THE PROBLEM: Transcribe each record exactly; skip any picture.

*** GIVEN ENTRIES ***

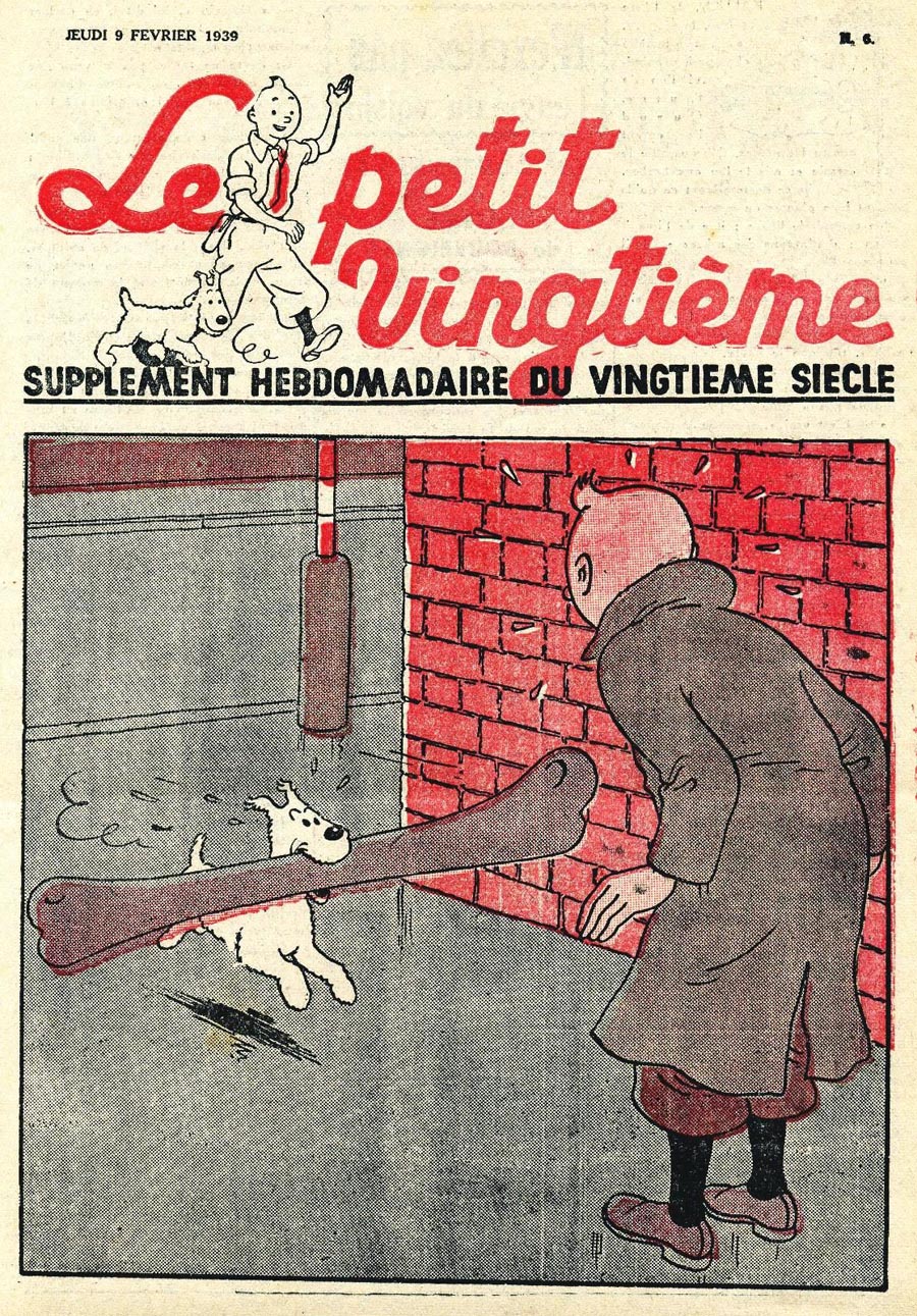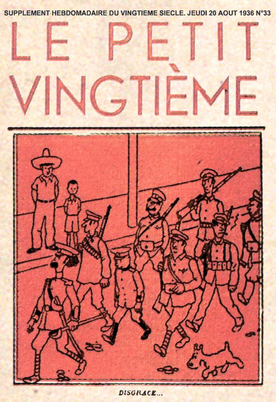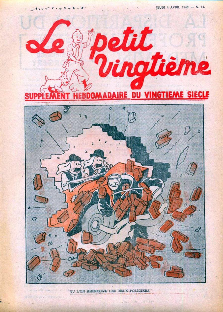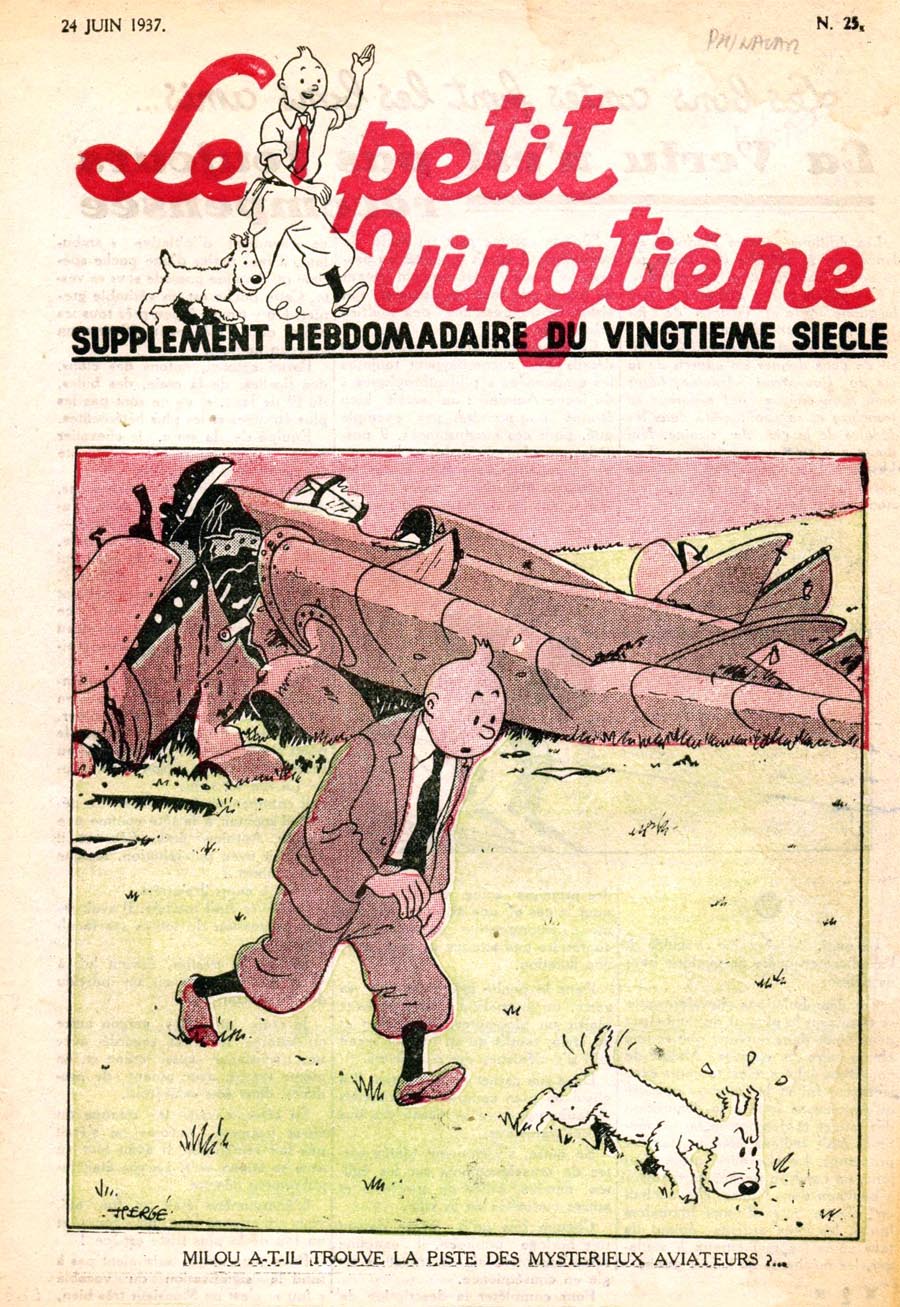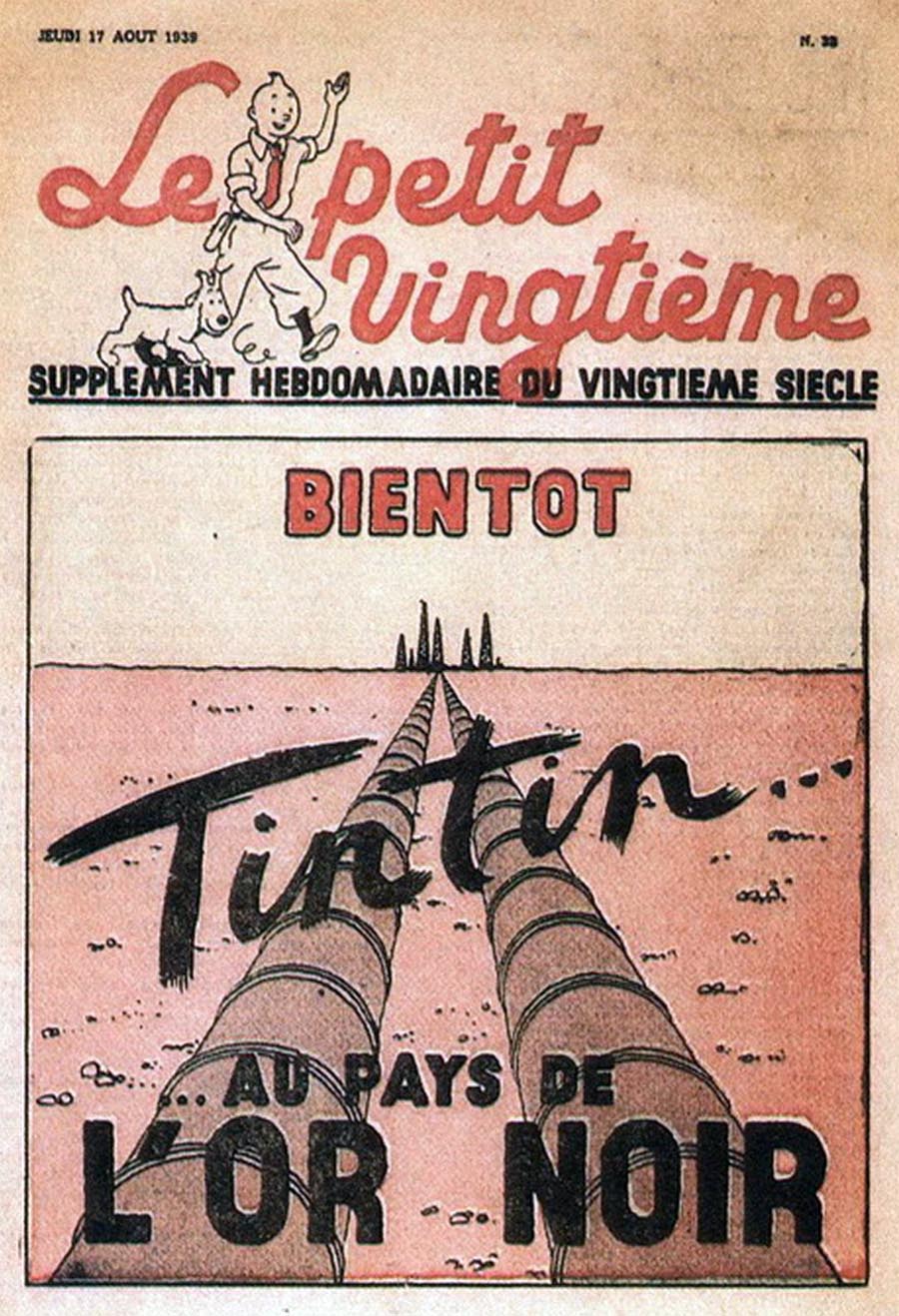Pratiquement chaque semaine, jusqu’au 9 mai 1940, (date de l’invasion de la Belgique par les troupes allemandes) “Le Petit Vingtième” publiera sur une double page les Aventures de Tintin en pré-publication. La dernière aventure sera interrompue le 9 mai 1940 pour cause d’invasion allemande de la Belgique. La dernière case représentait Tintin, dans le désert, sous la menace du fusil de Müller.
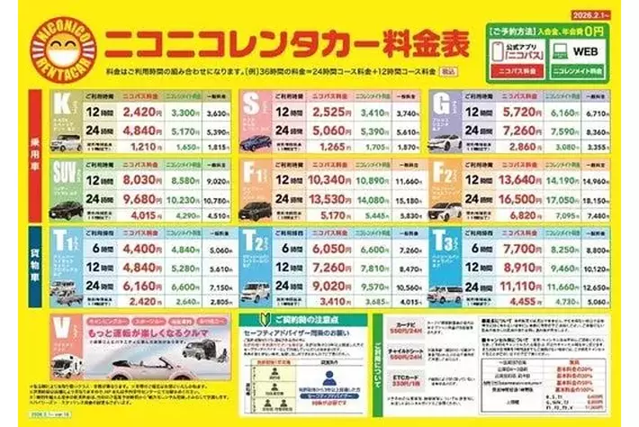 ニコニコレンタカー郡山図景店では、12時間乗り放題2,420円からご利用いただけます。ENEOSサービスステーション併設店舗ならではの徹底した点検と清掃で、お客様の快適なドライブをお約束します。ガソリンスタンドでの貸し渡しですので、返却時の給油もスムーズです!
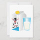 Un verre de lait à côté d'une boîte de lait avec une image de vache dessus. Cette conception semble vraiment efficace sur ces invitations
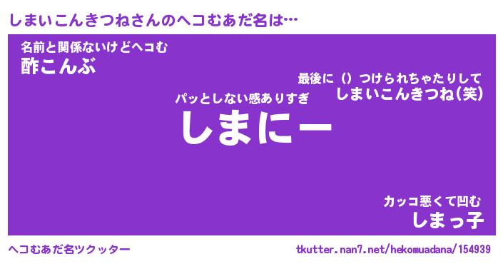 | 男性向けラノベタイトル風あだ名 | 『シマイコンキツネアートオンライン』 |
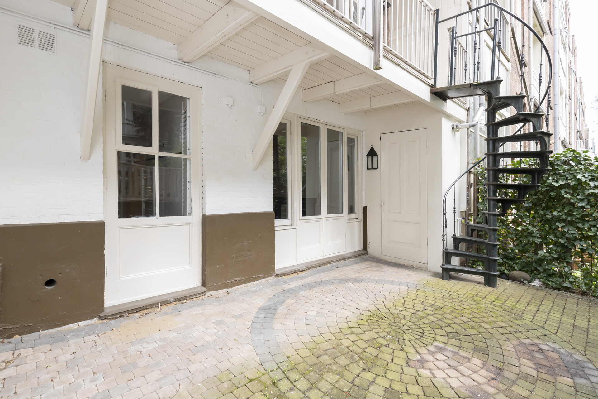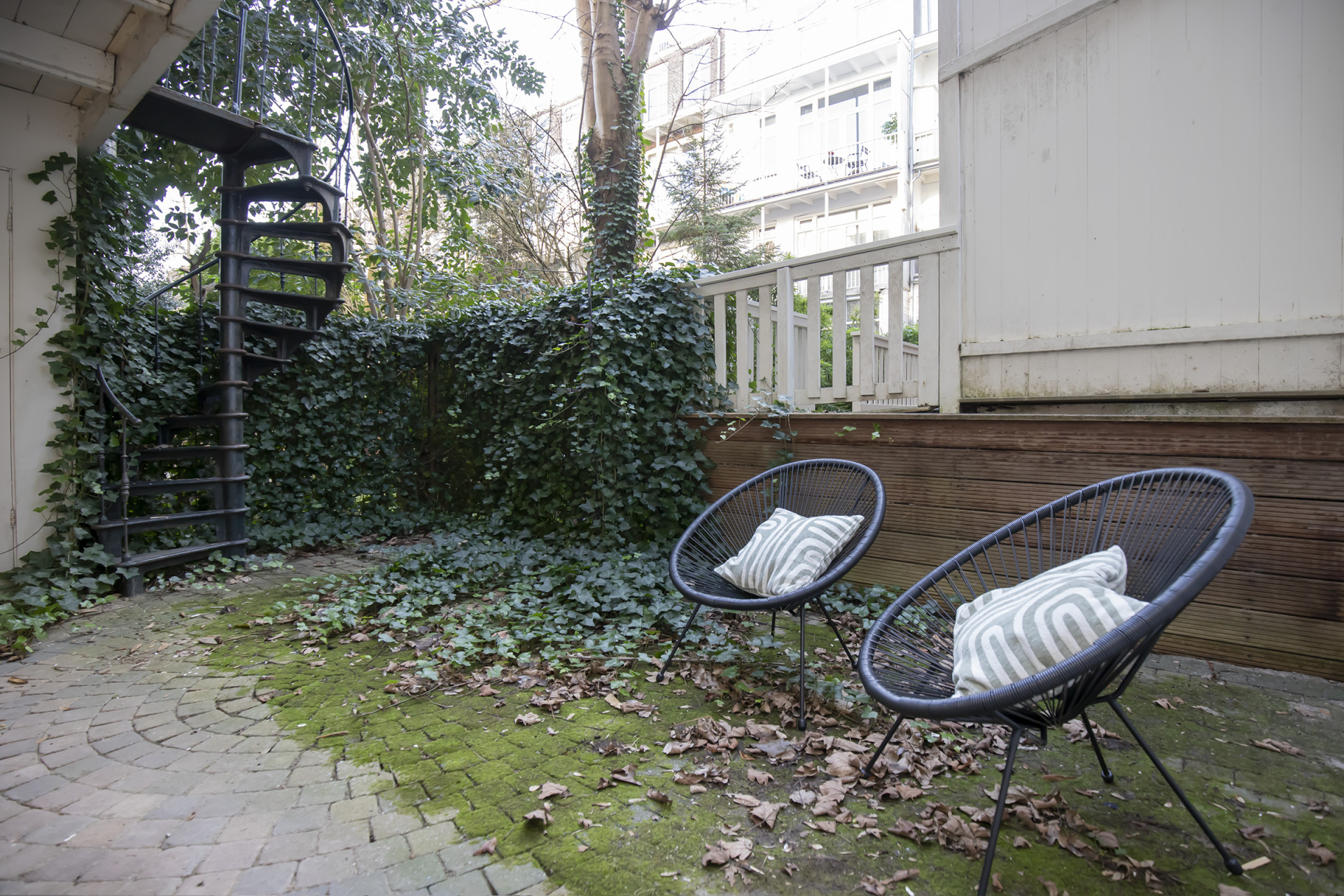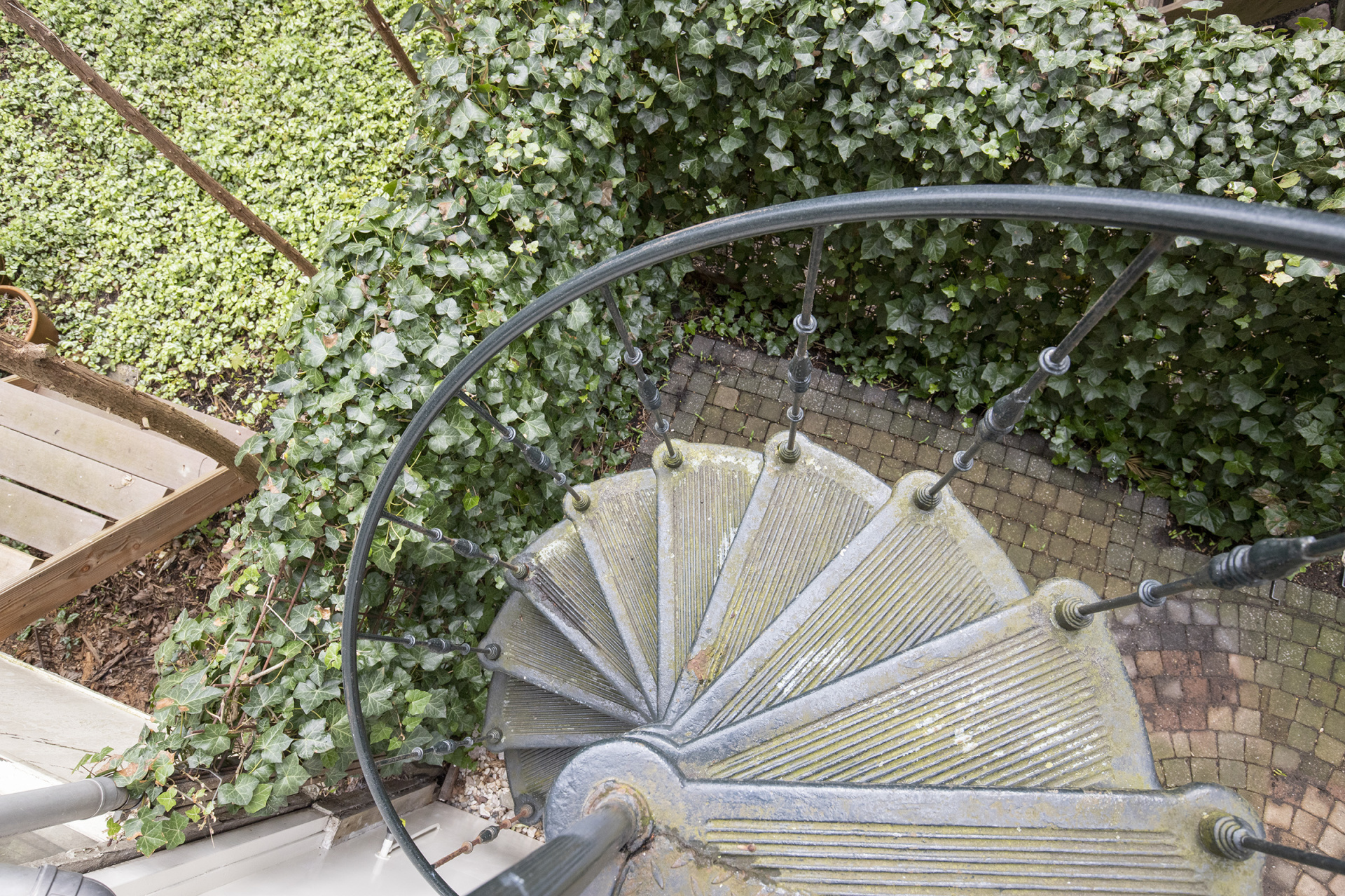 The approx. 25 m² south-facing garden offers an excellent balance of sunshine and privacy. Direct access from both the lower ground floor and the raised ground floor via the charming spiral staircase enhances the overall living comfort.
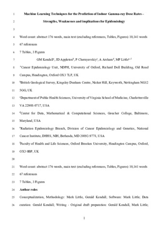 Kendall, G.M.; Appleton, J.D.; Chernyavskiy, P.; Arsham, A.; Little, M.P.. 2025 Machine learning techniques for the prediction of indoor gamma-ray dose rates – Strengths, weaknesses and implications for epidemiology. Journal of Environmental Radioactivity, 282, 107595. 10.1016/j.jenvrad.2024.107595

*** End of GIVEN ENTRIES ***

RESULT OF THE TASK:
Pratiquement chaque semaine, jusqu’au 9 mai 1940, (date de l’invasion de la Belgique par les troupes allemandes) “Le Petit Vingtième” publiera sur une double page les Aventures de Tintin en pré-publication. La dernière aventure sera interrompue le 9 mai 1940 pour cause d’invasion allemande de la Belgique. La dernière case représentait Tintin, dans le désert, sous la menace du fusil de Müller.
 ニコニコレンタカー郡山図景店では、12時間乗り放題2,420円からご利用いただけます。ENEOSサービスステーション併設店舗ならではの徹底した点検と清掃で、お客様の快適なドライブをお約束します。ガソリンスタンドでの貸し渡しですので、返却時の給油もスムーズです!
 Un verre de lait à côté d'une boîte de lait avec une image de vache dessus. Cette conception semble vraiment efficace sur ces invitations
 | 男性向けラノベタイトル風あだ名 | 『シマイコンキツネアートオンライン』 |
 The approx. 25 m² south-facing garden offers an excellent balance of sunshine and privacy. Direct access from both the lower ground floor and the raised ground floor via the charming spiral staircase enhances the overall living comfort.
 Kendall, G.M.; Appleton, J.D.; Chernyavskiy, P.; Arsham, A.; Little, M.P.. 2025 Machine learning techniques for the prediction of indoor gamma-ray dose rates – Strengths, weaknesses and implications for epidemiology. Journal of Environmental Radioactivity, 282, 107595. 10.1016/j.jenvrad.2024.107595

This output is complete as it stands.